• **Data records**:
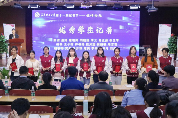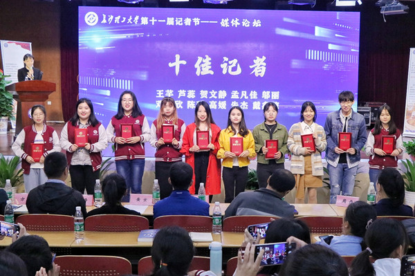 论坛最后,党委宣传部副部长邓崛峰宣读了长沙理工大学2019年度十佳记者、优秀记者表彰决定。现场领导与嘉宾为获奖学生颁发了证书。
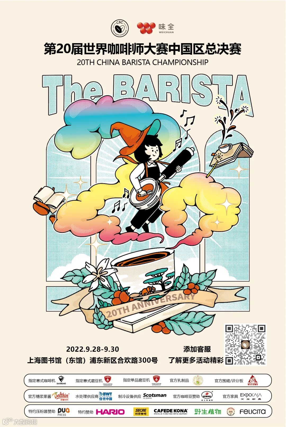 终于,9月28-30日,第20届世界咖啡师大赛中国区总决赛将正式在上海图书馆东馆 (合欢路300号)举办,赛事全程公开直播,也欢迎大家莅临现场观赛,体验咖啡带来的精彩。(*入场须提前预约并持48小时核酸阴性证明)
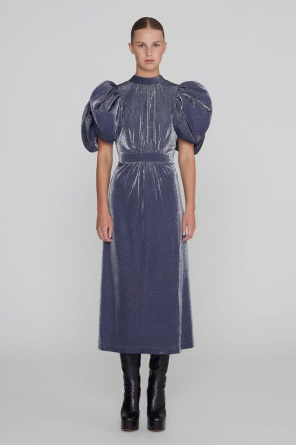 Robe bleue métallisée à manches bouffantes de Rotate Birger Christensen
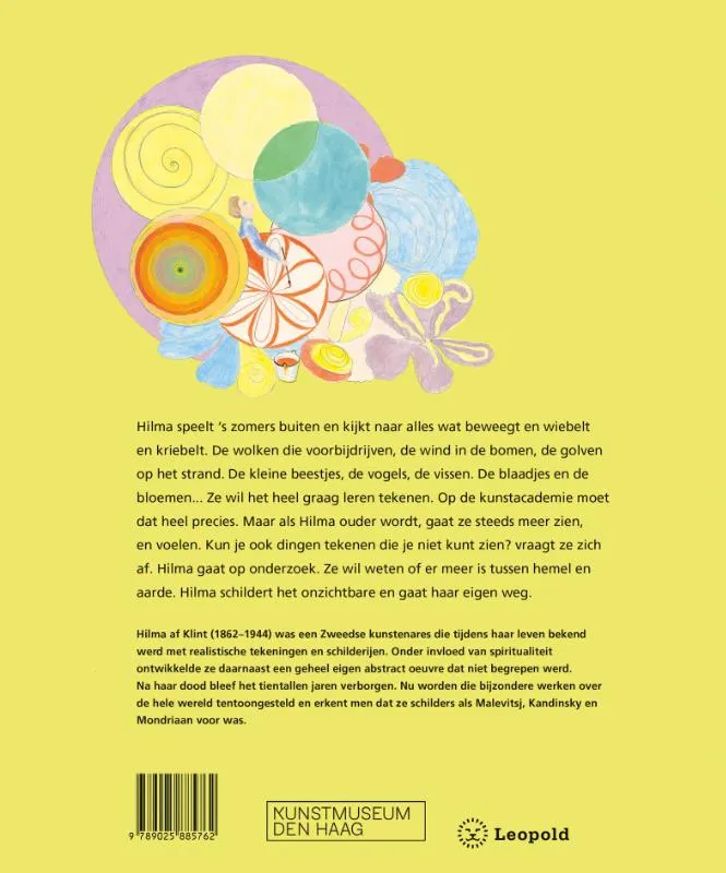 Hilma kan de natuur mooi tekenen zoals ze die ziet, maar schildert het liefst dingen die ze niet ziet. Prentvertelling met kleurenillustraties geïnspireerd op de abstracte kunst van de Zweedse schilder Hilma af Klint (1862-1944). Vanaf ca. 5 jaar.
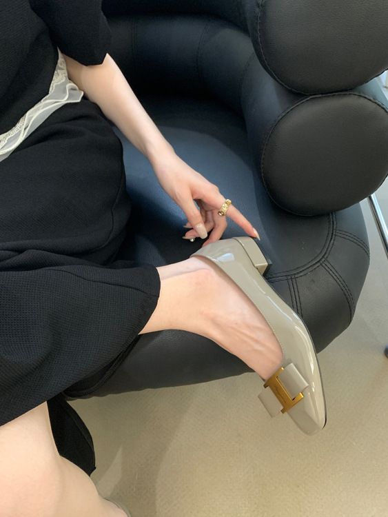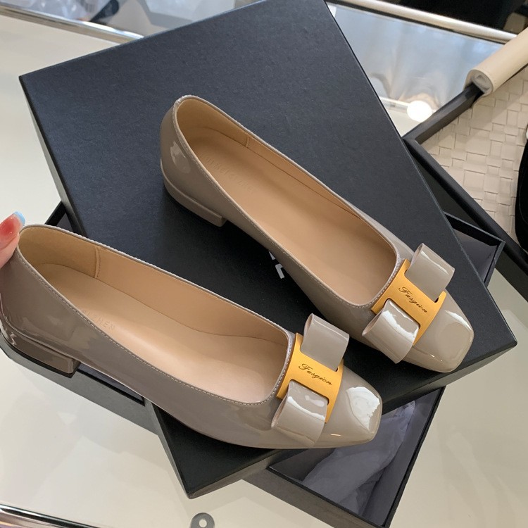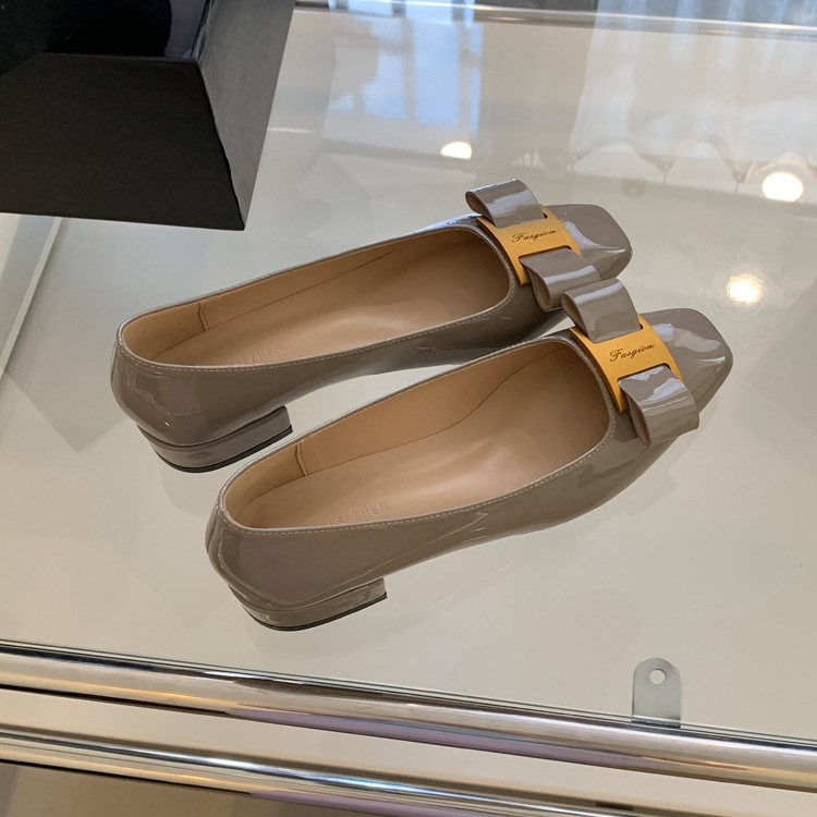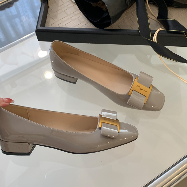 2026 봄 메탈 버클 에나멜 가죽 스퀘어 토 리본 장식 로우힐 여성용 오피스 워크 슈즈, 두꺼운 굽, 얕은 입구, 전문직용 싱글 슈즈스토어 가기

• **What is required**:
Leave out each picture and extract the lines from the one containing "Robe bleue métallisée" through the end of the records above, inclusive, exactly as they stand.

• **Answer below**:
 Robe bleue métallisée à manches bouffantes de Rotate Birger Christensen
 Hilma kan de natuur mooi tekenen zoals ze die ziet, maar schildert het liefst dingen die ze niet ziet. Prentvertelling met kleurenillustraties geïnspireerd op de abstracte kunst van de Zweedse schilder Hilma af Klint (1862-1944). Vanaf ca. 5 jaar.
 2026 봄 메탈 버클 에나멜 가죽 스퀘어 토 리본 장식 로우힐 여성용 오피스 워크 슈즈, 두꺼운 굽, 얕은 입구, 전문직용 싱글 슈즈스토어 가기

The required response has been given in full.